Note: the .unwrap()/panic! worry is a non-issue — nearly all are in test modules; production request/boot paths are essentially panic-free. The real risks:

  • 🟠 Log swallowed persistence writes. ~30-40 dangerous let _ = save_*().await sites discard durability failures with zero diagnostics: server.rs:270 (mesh config), bitcoin_relay.rs:865 (relay state), update.rs:163/1223 (mirrors/update state), registry.rs:158, mesh/status.rs:286, scheduler.rs:179, install.rs:34. Convert to if let Err(e) = … { warn!(…) }; leave genuinely fire-and-forget ones commented.
  • 🟠 Remove blocking std::process::Command from async handlers. install.rs:2222 published_host_port (sync podman on the install path), dependencies.rs:316 (df), system/handlers.rs:578 (sudo), transport/fips.rs:50 (systemctl) stall tokio workers under load. Convert to tokio::process or spawn_blocking. Only 8 files use std::process::Command — bounded.
  • 🟡 Restrict Bitcoin RPC exposure. bootstrap.rs:409 writes rpcallowip=0.0.0.0/0. Scope to the container subnet / 127.0.0.1.
  • 🟡 Move generated secrets from env to file mounts. manifest.rs:1208-1226 injects secrets as -e KEY=value, readable via podman inspect / /proc/<pid>/environ. Prefer bind-mounting the existing 0600 secret file or podman --secret.
  • 🟡 Harden rate-limit IP extraction. middleware.rs:120-128 trusts client-spoofable X-Real-IP/X-Forwarded-For → per-request bucket rotation defeats the login limiter. Trust forwarded headers only from a configured proxy; have nginx set them.
  • 🟢 Include seq in the mesh signed preimage. message_types.rs:245-288 signs (t,v,ts) but sets the anti-replay seq after signing → a radio MITM can alter ordering without breaking the signature.
  • 🟢 Guard the short-DID slice panic (mesh/listener/decode.rs:566) and gate the dev-mode password123 bypass (auth.rs:18) behind #[cfg] before it can reach a release build.
  • 🟢 Apply the seccomp/apparmor profilesecurity/src/container_policies.rs:71 is a TODO; the profile is defined but never applied to podman.

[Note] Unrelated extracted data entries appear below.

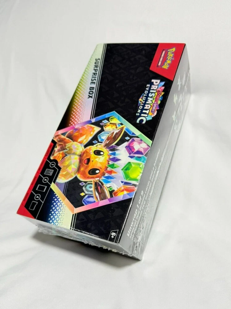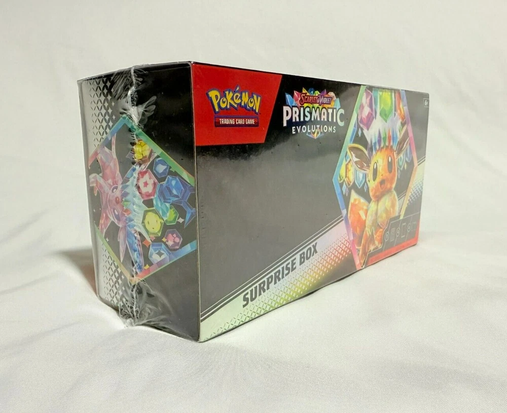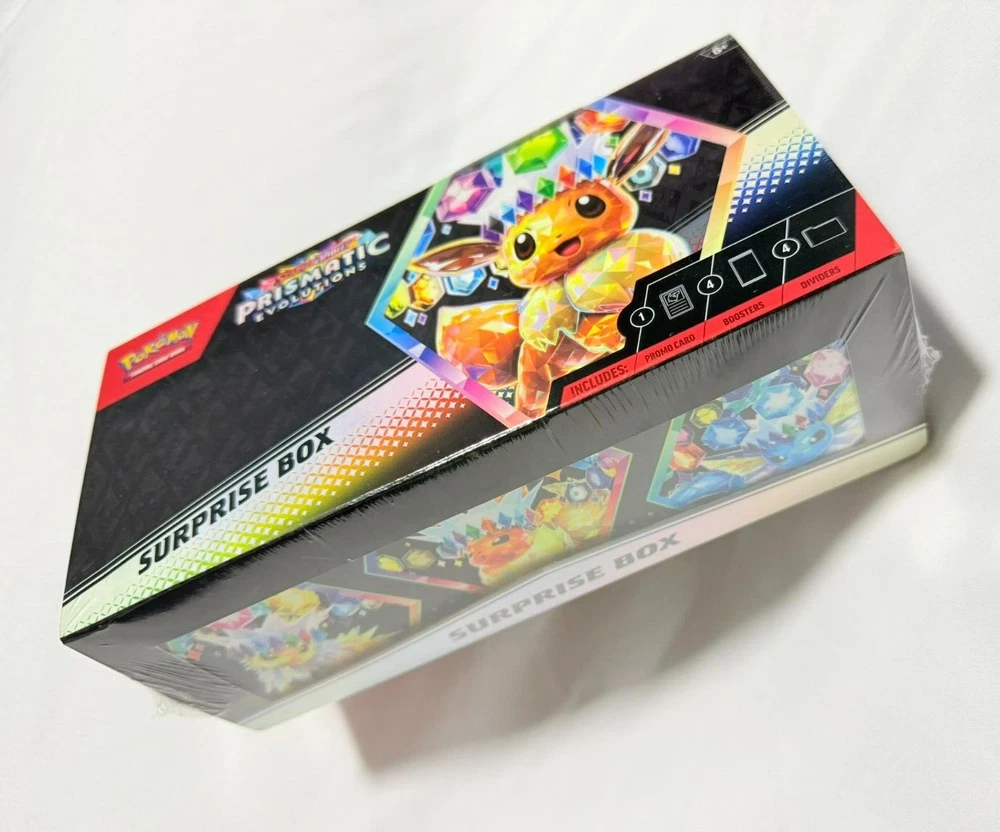1 promo 4 booster packs 4 dividers Brand new/factory sealed Pokemon TCG: Prismatic Evolutions Surprise Box. The box contains 1 random Evee foil card, 4 booster packs and 4 dividers. Box can be used to organize and store your cards. *Shipping will be USPS Ground Advantage and will ship same day if ordered by 2pm PST on a business day. Feel free to reach out with any questions!
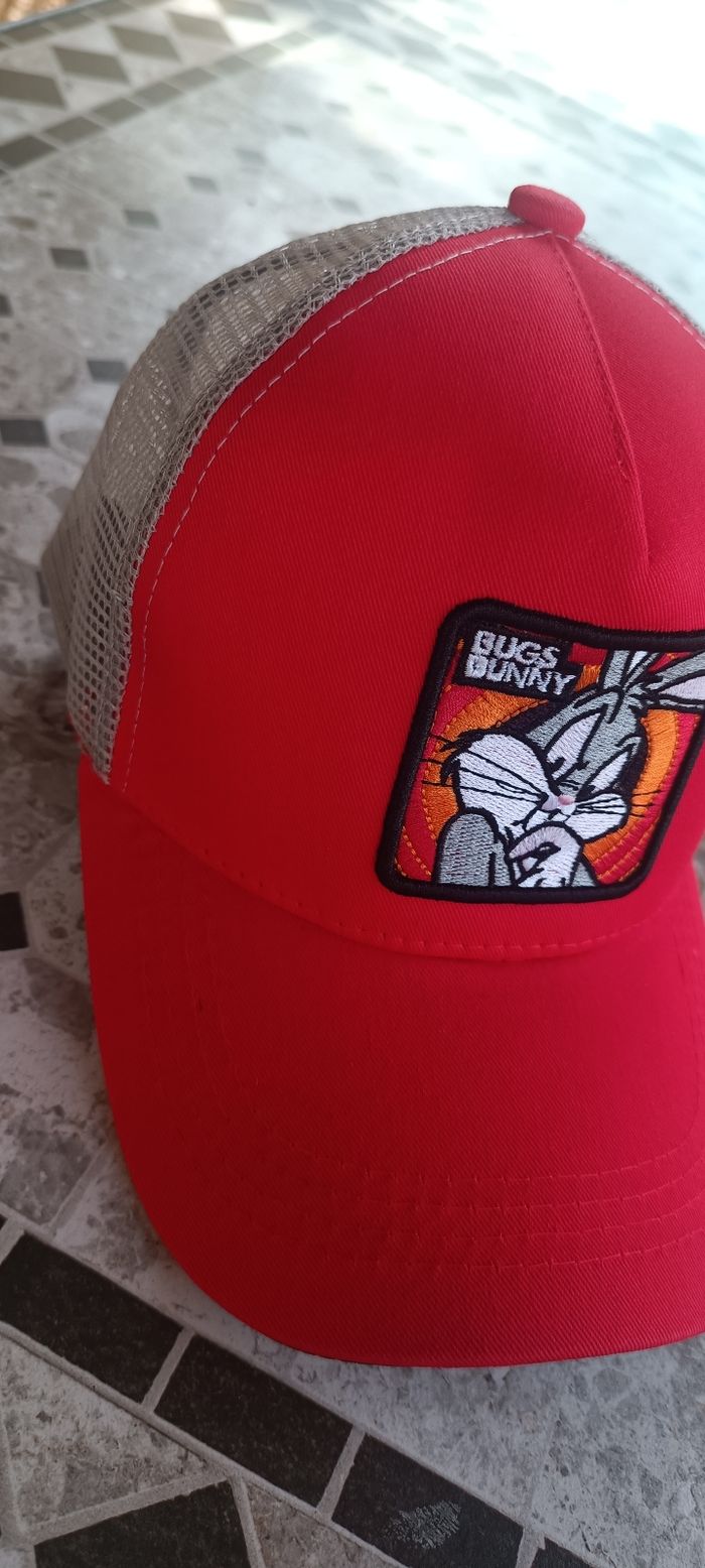 Casquette Trucker Looney Tunes Bugs Bunny Snapback Rouge Couleur : Rouge Visière arrondie Rouge Patch : Looney Tunes Bugs Bunny Casquette avec filet Réglage facile par Snapback Taille unique réglable du 55.5 cm au 60 cm État : Neuf sans étiquette Coloris : Rouge
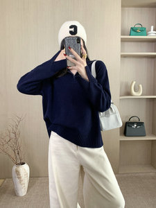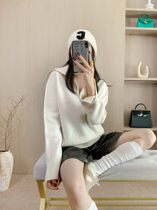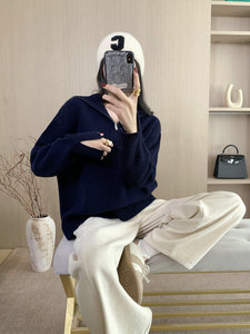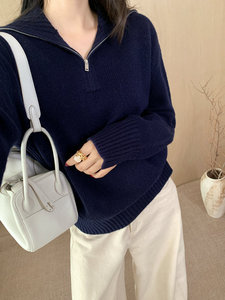 2025秋冬新款女半拉链翻领羊毛衫毛衣慵懒风简约宽松长袖针织衫

§D — Frontend security & performance (🟠)

The untrusted mesh/LoRa chat path is safe (interpolation, no v-html — good). The real issues are the app-bridge origin model and a bloated bundle.

  • 🟠 Validate event.origin + add consent gates in the NIP-07 nostr bridge. stores/appLauncher.ts:385-490 derives the caller from the launcher's own URL, never event.origin, and getPublicKey/nip04.decrypt/nip44.decrypt have no consent gate → any co-resident iframe can deanonymize the nostr identity or use the node as a decryption oracle while an app is open. Check event.origin against the open app's real origin; key approvals on it; gate decrypt/getPublicKey like signEvent.
  • 🟠 Origin-check the share-to-mesh handler. App.vue:450-464 acts on {type:'share-to-mesh', cid} from any sender and force-navigates to /mesh with the CID pre-staged. Add ev.origin === window.location.origin (as Chat.vue:95 already does).
  • 🟡 Decide the app-iframe isolation model. AppSessionFrame.vue:54 / AppLauncherOverlay.vue:79 embed apps same-origin with no meaningful sandbox; a same-origin app can read the CSRF cookie + localStorage. Ideal fix (serve apps from a per-app subdomain origin) is architectural — at minimum decide + document for 1.8.0.
  • 🟡 Shrink the 93 MB dist. assets/video/video-intro.mp4 is 14.7 MB (precached by the service worker → blocks PWA install), plus ~18 MB of ~1 MB full-screen JPEGs. Convert backgrounds to WebP/AVIF at responsive sizes, lazy/stream the intro video, and exclude video/audio from the Workbox precache. Biggest, easiest perf win.
  • 🟢 DOMPurify the Server.vue QR SVG (:283/:295 render v-html unsanitized while TwoFactorSection.vue sanitizes the analogous SVG); guard the unguarded pollInterval (Mesh.vue:391); surface silent data-fetch failures (curatedApps.ts:58/71).

§E — Mesh transports (🟢 mostly done — verify & polish)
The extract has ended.